Necdet Özkazancı’nın anı öykülerinde futbol, yazlık sinemaları, eski Türk filmlerini, mahalle hayatını, çocukluk hayallerini kuşatan çok basit ve çok büyük bir oyun...
Sunuş Yerine:
İki Eski Taraftarın Tribün Sohbeti
2006 yılının sonları... Hava ılık, güneşli... Ankara 19 Mayıs Stadı'nın çim sahası futbol oynamaya elverişli... Ankaragücü ve rakip takımın futbolcuları sahaya çıkmış, ısınıyorlar. Stadda maç saatinin gelmesini bekleyen 4.000'e yakın seyirci var. Hoparlörden kimsenin dinlemediği garip bir yabancı müzik yayını yapılıyor. Bir de ara sıra Ankaragücü şarkısı çalınıyor. Sanırım Kenan Doğulu söylüyor ya da sesi ona benziyor. İki taraftar eski güzel günlerden konuşuyorlar:
- Ali Osman vardı, gol kralı... Anımsıyor musun?

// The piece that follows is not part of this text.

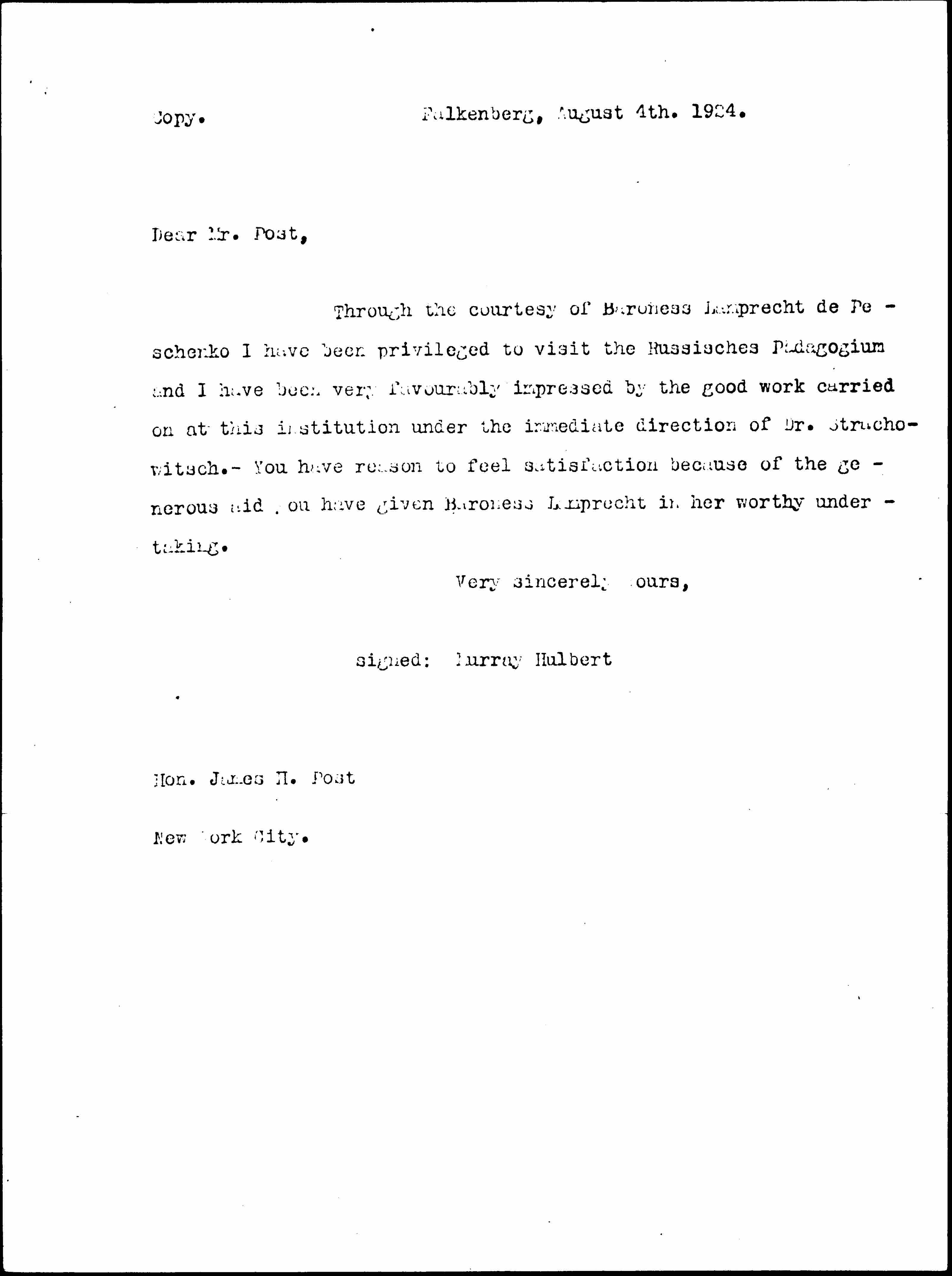 Through the courtesy of Baroness Lamprecht de [Petschenko] I have been privileged to visit the Russiches Pedagogium and I have been very favorably impressed by the good work carried on at this institution under the immediate direction of Dr. Strachovitsch. -- You have reason to feel satisfaction because of the generous aid you have given Baroness Lamprecht in her worthy undertaking.

- Evet. Anımsamaz mıyım? Ondan sonracığıma Köksal, Erman, Melih, Selçuk, Zafer, İsmail, Adnan, Coşkun, Sakıp vardı. Konyalı Mehmet, Tatar Metin, Kaleci Baskın ve Aydın... Fenerbahçe'yi İstanbul'da sekiz kişi ile yenen bir takım vardı.
- Ben lisede öğrenciyken arkadaşlarla teneffüste radyodan dinlemiştik bu maçı.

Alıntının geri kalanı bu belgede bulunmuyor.